I’m always interested in the logistics of how creatives make money and how they manage to create within our economy. From what I was able to gather from your website and your presence online, you’re a poet with several chapbooks and books under your belt, you’ve done some editing work, you founded and run the non-profit literary arts organization Mercy St, you’re a faculty at Antioch University-Los Angeles, you have a substack with a paid subscriber section, and you’ve won a handful of poetry and literary prizes. You don’t have to share hard numbers if you’re not comfortable with that–though I know many other writers would really appreciate that kind of information–but what is the general breakdown in time spent on and income received for each of those areas of your work?

I don’t make a lot of money, it’s really difficult for me to save. I think, for the last couple of years I’ve owed money to taxes, so there’s that. But, you know, if I didn’t love what I was doing I probably would have stopped doing it a long time ago because I’m always broke. I grew up poor and I feel like I’m a poor adult because the income isn’t steady. I do a lot, but they’re all confined within certain periods of time within the year. So the income isn’t coming in throughout the year. This year, for instance, I stopped teaching in May; so, from May up until July, three months, I had zero income. I had to rely on savings, on credit cards, I had to borrow money. It’s hard. I have student loan debt and being a freelance writer is not going to get me out of it. But that’s okay, because I enjoy what I do and I enjoy the people I meet and I try to lean into what brings me joy. Money is not bringing me any joy because I’m not getting a lot of it.

Ruben Quesada Recommends:

Y Tu Mamá También. It’s a cinematic masterpiece. Alfonso Cuarón’s direction, along with the brilliant performances by Gael García Bernal and Diego Luna, captures the complexities of youth, desire, and the passage of time. It’s a film I return to whenever I want to explore the intersection of personal and private narratives in my work.

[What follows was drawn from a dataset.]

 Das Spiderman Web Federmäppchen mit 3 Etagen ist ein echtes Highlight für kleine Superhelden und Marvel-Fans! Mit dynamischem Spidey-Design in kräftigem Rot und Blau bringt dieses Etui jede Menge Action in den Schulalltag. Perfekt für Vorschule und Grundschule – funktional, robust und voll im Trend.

Borderland Apocrypha</i> by Anthony Cody. This collection speaks to me on a personal level. Cody recasts documented history through his familial relationship with the U.S.-Mexico border in poetic form is nothing short of breathtaking. His work reminds me of the power of poetry to confront difficult truths and forge new understandings, much like Claudia Rankine, Mai Der Vang, and Robin Coste Lewis, whose works center on historical documentation.

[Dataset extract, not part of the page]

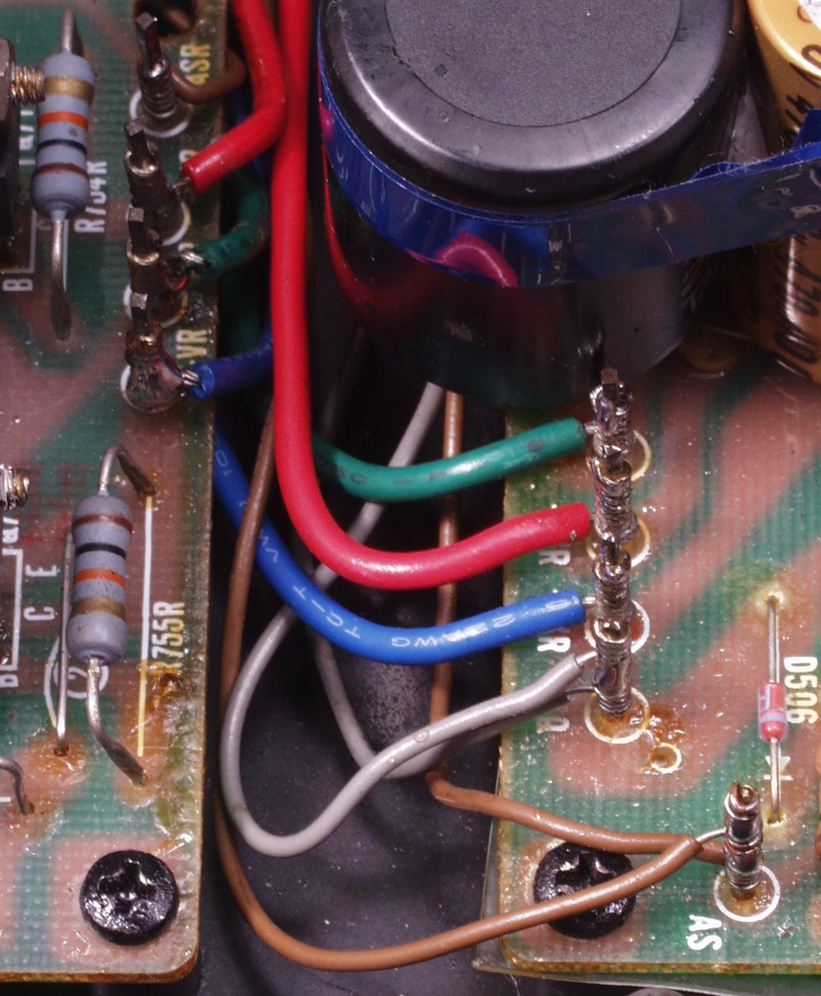 | C8E. 修理前 R−AMP基盤−電源基板へのラッピング線 |

Magical/Realism: Essays on Music, Memory, Fantasy, and Borders by Vanessa Angélica Villarreal is a collection of lyrical and fragmentary styles that blends personal narrative with broader cultural reflections. These essays reflect on intergenerational legitimacy and identity through reflection on music, pop culture, and spiritualism. These are remarkable, well-researched essays that establish Villarreal as one of the most important scholars and critics of Latinx literature and culture.

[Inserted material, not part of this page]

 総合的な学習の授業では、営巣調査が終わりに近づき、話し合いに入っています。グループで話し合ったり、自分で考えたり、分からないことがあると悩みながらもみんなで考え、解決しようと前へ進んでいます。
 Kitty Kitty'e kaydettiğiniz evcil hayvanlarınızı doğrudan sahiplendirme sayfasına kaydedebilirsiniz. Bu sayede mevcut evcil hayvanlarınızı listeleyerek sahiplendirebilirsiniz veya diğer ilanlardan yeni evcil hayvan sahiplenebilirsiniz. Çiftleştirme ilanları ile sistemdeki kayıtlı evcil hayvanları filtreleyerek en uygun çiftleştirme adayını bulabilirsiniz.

Ziggy Stardust feels like the perfect musical counterpart to vulnerability and self-discovery. The Rise and Fall of Ziggy Stardust and the Spiders from Mars album by David Bowie. These songs haunt me. I listened to this album through my teens, 20s, and 30s. Bowie’s drag was an omnisexual alien rock star sent to Earth as a messenger. Ziggy Stardust changed how performers could create larger-than-life personas and bring existential themes to popular music.

Writing past midnight. There’s something magical about the quiet hours when the world sleeps. It’s when my mind feels most alive, free from distractions. Some of my most honest and raw poems have emerged during these nocturnal sessions, illuminated only by the glow of my desktop.